SUMMARY OF THE INVENTION

Aspects of the present invention provide a method of determining an optimum recording power using a recording power at a saturation point of the recording signal characteristics, and an optical recording/reproducing apparatus using the same.

Additional aspects and/or advantages of the invention will be set forth in part in the description which follows and, in part, will be obvious from the description, or may be learned by practice of the invention.

According to an aspect of the present invention, there is provided a method to determine an optimum recording power with respect to a rewritable optical recording medium with multiple layers, the method comprising: writing a recording signal to an unrecorded area of a power calibration area (PCA) of the rewritable optical recording medium using a predetermined recording power, and then measuring characteristics of the recording signal; determining whether or not the measured recording signal characteristics have a saturation area; computing a recording power at a saturation point of the recording signal characteristics when the recording signal characteristics have the saturation area; and determining an optimum recording power by multiplying the recording power at the saturation point by a predetermined value.

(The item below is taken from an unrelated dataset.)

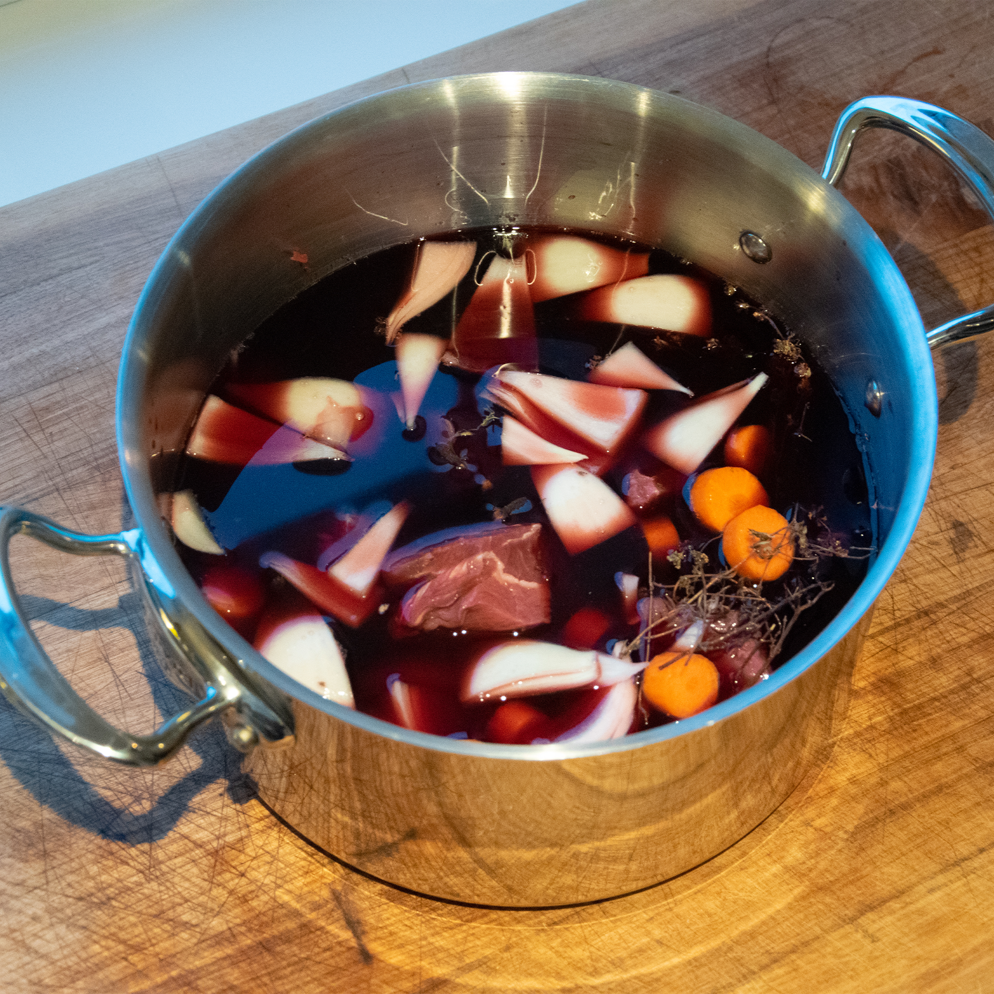 3-Marinate the beef with the aromatic garnish in the red wine overnight in the refrigerator.

According to an aspect of the present invention, determining the optimum recording power may, although not necessarily, include searching for the unrecorded area of the PCA block and erasing the PCA block when the unrecorded area does not exist.

According to an aspect of the present invention, determining the optimum recording power may, although not necessarily, include increasing the predetermined recording power when the recording signal characteristics do not have the saturation area.

According to an aspect of the present invention, the predetermined value may, although not necessarily, be determined according to the type of the optical recording medium, and may, although not necessarily, be pre-stored in the optical recording medium.

According to an aspect of the present invention, the recording signal characteristics may, although not necessarily, linearly increase according to the increase of the recording power before the saturation point, and linearly decrease according to the increase of the recording power after the saturation point.

According to an aspect of the present invention, the recording signal characteristics may, although not necessarily, comprise one of asymmetry signal characteristics and beta signal characteristics.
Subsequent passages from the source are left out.